20180213 Drop Caps 1

Of course a set like this appeals to the collector part of me, especially when they are not officially available in the UK as I like a challenge, but it also harks back to the very first Penguin Books I initially accumulated, then decided to collect, which was the early (first 125) Penguin Classics.  Buying a set of books forces you to purchase authors you may not have been intending to buy or even to have heard of and once the book is on the shelf it would be remiss not to at least give the book a go.

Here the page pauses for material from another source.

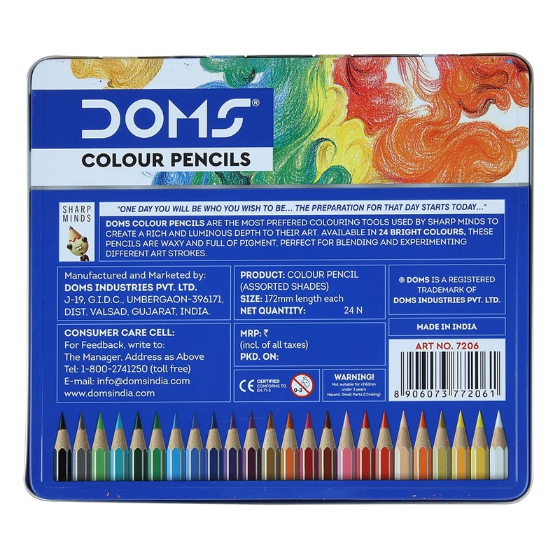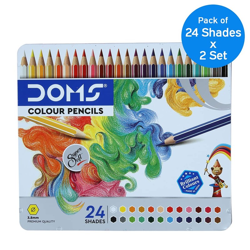DOMS Supersoft Non-Toxic Colour Pencil Set in Flat Tin Box (24 Assorted Shades x 2 Set)

The first title is a case in point; Pride and Prejudice by Jane Austen is not a title that has ever appealed but I have to say that much to my surprise I’m really enjoying it. I have also read Madame Bovary, A Portrait of the Artist as a Young Man, Five Children and It, and Cannery Row so far and I’m looking forward to tackling authors I don’t know at all such as Willa Cather and Sigrid Undset.

The full list is as follows, with links to books reviewed in this blog:

A to F came out in 2012, G to P in 2013 and Q to Z in 2014 although I only started to collect these books towards the end of last year (2017) so the last 5 have only recently arrived and I didn’t buy them in alphabetical order but rather which 4 or 5 a month I could find at a sensible price.  Their official retail price varies on the copies I have between US $23 and $30 although the Canadian prices fluctuate much more widely between $24 and $40. The cheapest I found one in the UK was around £10 and had to spend up to £17 to get the last few I was missing.

20180213 Drop Caps 2

The spines are also attractive and make a bold statement on the shelf next to me as I write this, as can be seen in the picture above the page edges are also coloured to complement the cover and the rear cover has a short quote from the book that Penguin have turned into a parlour game

Mine is from Great Expectations:

Suffering has been stronger than all the other teaching, and has taught me to understand what your heart used to be.

and then A Portrait of the Artist as a Young Man

to forge in the smithy of my soul the uncreated conscience of my race

Not the cheeriest of quotes but I’m not going to let them put me off reading all these as they are lovely books with a clear font (Archer) as you would hope from a series that takes lettering seriously and a pleasure to pull off the shelf and sit down with.